Он закрыл глаза. – Я не убивал ее, Уайатт.
– Я знаю это, – сказала она. – Ты не убийца, Питер. Ты… – Но нужные слова не шли ей на ум. Она попыталась представить его, забившегося в курятник, одинокого и испуганного, наблюдающего, как новорожденные птенцы просовывают клювы сквозь осколки яичной скорлупы. Глядящего на все, что мог найти. – Они загнали тебя в угол, – прошептала она. – Все, что ты делаешь, – это пробиваешься наружу.
Долгое время после этого они стояли в тишине и наблюдали за беспорядочно мечущимися цыплятами, соприкасаясь костяшками пальцев. Едва слышный шепот его прикосновения заставил ее снова почувствовать себя тринадцатилетней, и она потянулась к его руке в кроваво-красной темноте.
Только на этот раз от него не осталось ничего, за что можно было бы уцепиться.
***
Через несколько часов после того, как солнце скрылось за холмами, она поднялась по лестнице в свою комнату и обнаружила, что Джеймс уже там. Он сидел у открытого окна, не сводя глаз с молочного света звезд. Насторожившись, она прислонилась к двери спальни, пока та со щелчком не закрылась за ней. Услышав этот звук, он резко поднял голову, и она встретилась с поразительной чернотой его взгляда.
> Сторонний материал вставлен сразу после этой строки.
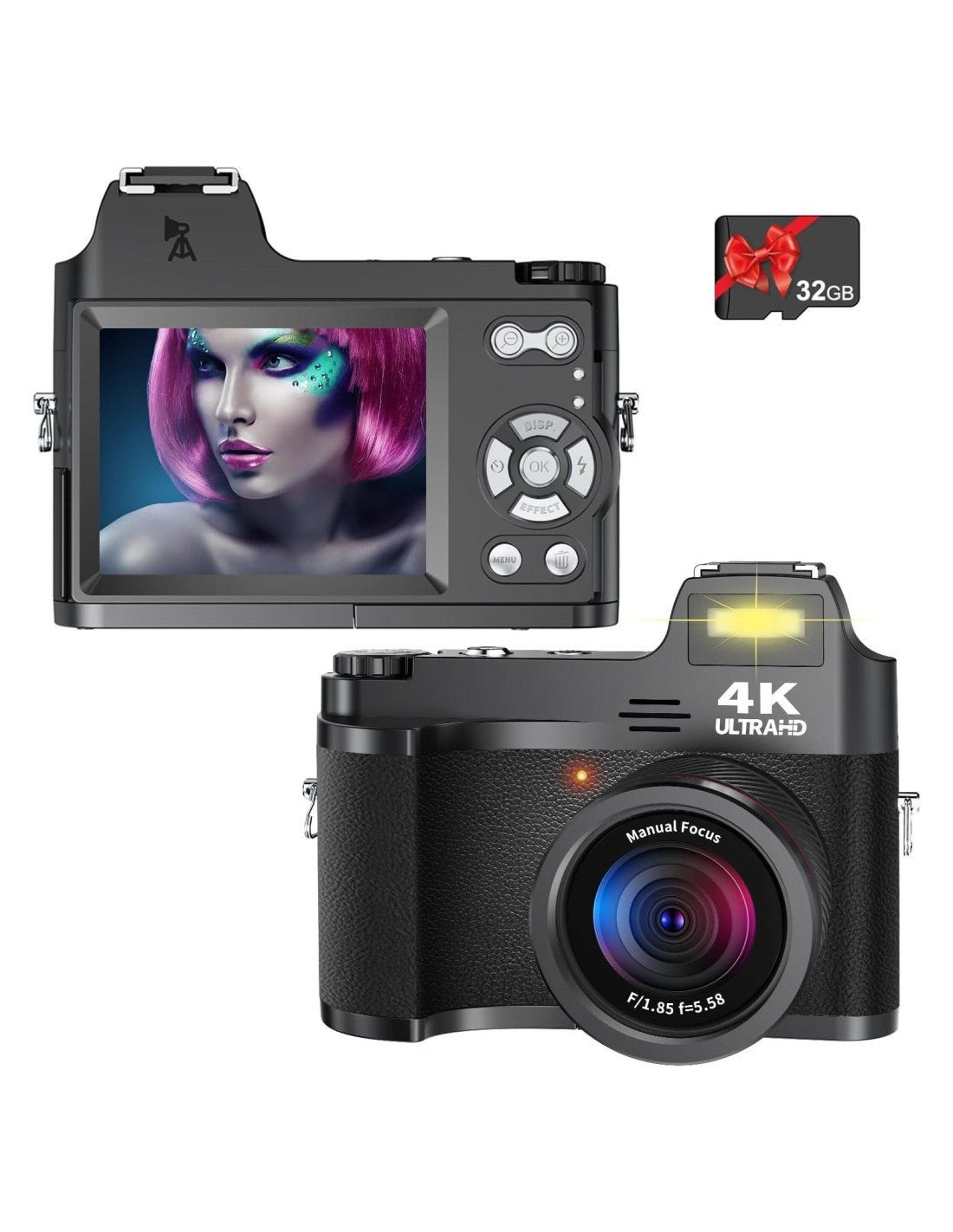 - Cámara Digital 4K con Enfoque Manual Esta cámara 4K tiene función macro, que puede magnificar sujetos cercanos para fotos en primer plano, que muestran la sorpresa del pequeño mundo. Puedes tomar fotos de flores, insectos, pequeños objetos en fotografía de primer plano con esta pequeña cámara. Y también es divertido con la función de enfoque manual para tomar las hermosas escenas panorámicas, ¡ver un mundo grande y amplio!
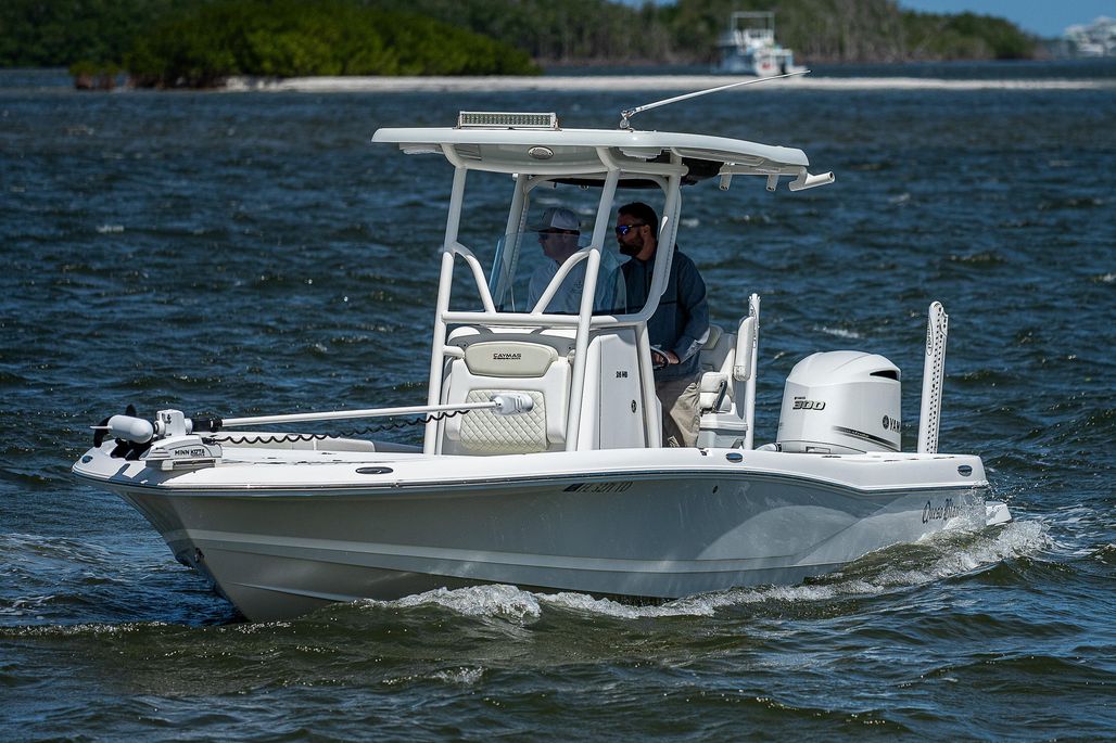 The Caymas 26 HB does it all for the serious fisherman and for family fun. Performance Starts with a Michael Peters patented Stepped-Vee Ventilated Tunnel Hull. This hull delivers speed, fuel efficiency and a precise, dry and velvet-smooth ride with a 9-foot beam. Serious fishing starts with Oversized 35 gallon live wells, maximum storage tackle, large bow/stern fishing decks and a 90-gallon fuel tank to get you to the farthest fishing grounds and back. The Caymas 26HB is designed for family fun and a day’s comfort with cushioned bow and stern seating, bow and stern cooler options, up to 8 speaker stereo, extra elbow room beam and a standard port a potti in the console when nature or a change of clothes is called for. See for yourself how the Caymas 26HB enjoys the best in marine fit and finish utilizing the highest quality marine hardware and craftsmanship. The Caymas 26HB can be rigged with a Yamaha, Mercury, Suzuki or Evinrude outboard up to 400 horsepower.
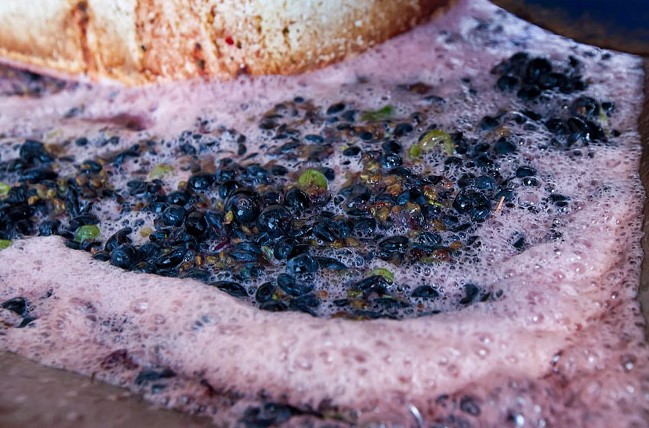 Чача из винограда готовится без промышленных дрожжей. т. к. вызывающие брожение дикие грибки находятся на кожуре ягод. Поэтому сырье перед измельчением и давкой нельзя мыть.
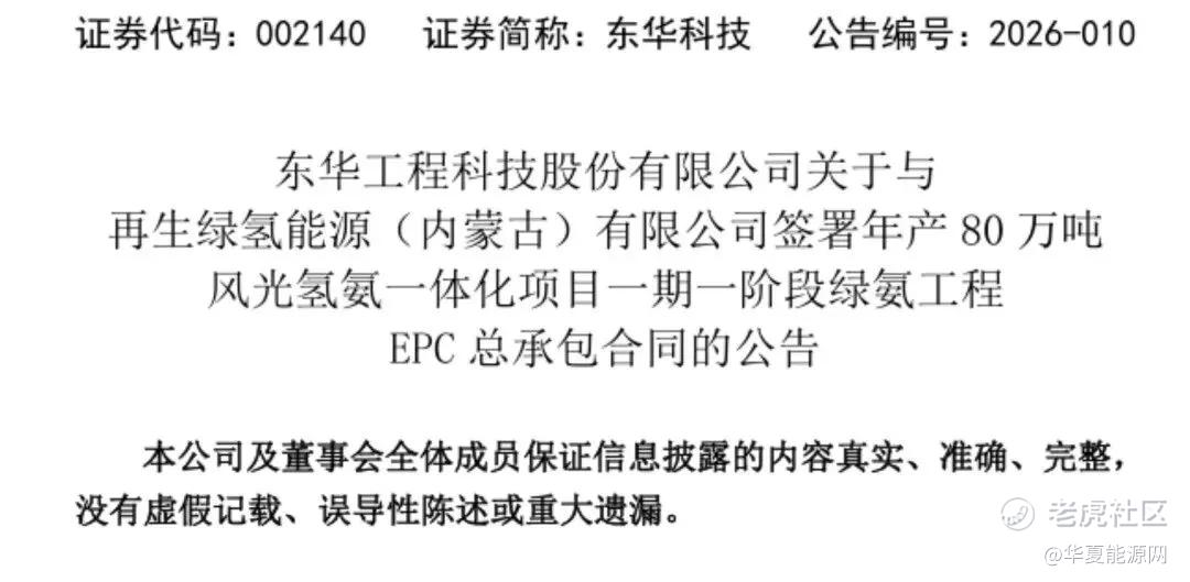 华夏能源网&华夏氢能获悉,近日,东华工程科技股份有限公司(以下简称“东华科技”)发布《关于与再生绿氢能源(内蒙古)有限公司(以下简称“再生绿氢公司”)签署年产80万吨风光氢氨一体化项目一期一阶段绿氨工程EPC总承包合同的公告》。

– Я и забыл, какие яркие звезды видны из твоего окна.
– Я тоже, – призналась она. – В Салеме звезд не увидишь. Во всяком случае, не так, как сейчас. Слишком сильное световое загрязнение.
– Да? – Он прислонился головой к стене, тени очертили впадины его щек. – Не могу вспомнить, когда в последний раз видел небо.
То, как он это произнес, медленно и задумчиво, заставило ее насторожиться. Вопреки здравому смыслу, она прошла по ковру и присоединилась к нему у окна. Прохладный ночной воздух был бальзамом против жара на ее коже. Она смотрела, как одна за другой просыпаются звезды, и ей было невыносимо грустно.
Джеймс первым нарушил молчание. – В мое первое лето здесь я думал, что умру от скуки. Отец неоднократно говорил мне, каким опасным может быть Питер. От него одни неприятности, Джеймс. Он непостоянен. Ты не должен упускать его из виду. Для шестилетнего мальчика это было похоже на квест, достойный Камелота. Может, мне и пришлось провести отпуск в штате Мэн, но, по крайней мере, там не было скучно. По крайней мере, я занимался чем-то захватывающим.
– Зачем ты мне это рассказываешь?
– Потому что это правда. – Он согнул колено, освобождая место. – Разве ты не этого хотела?
Когда она ничего не ответила, он снова уставился на бриллиантовую ночь. На своем среднем пальце он крутил кольцо с ониксом. Круг за кругом, словно талисман. – Не думаю, что когда-либо был так разочарован, как в то лето. У меня было такое чувство, будто мне пообещали горного льва, а потом подарили котенка. Это была великолепная работа няни. Питер был совсем не опасен. Скорее наоборот. Он был совершенно счастлив делать то, что ты ему говорила. Он играл роль твоего жениха, присутствовал на твоих чаепитиях, ловил каждое твое слово. Прошли годы, прежде чем я понял, что он делает.
Она не осознавала, что затаила дыхание. – И что же?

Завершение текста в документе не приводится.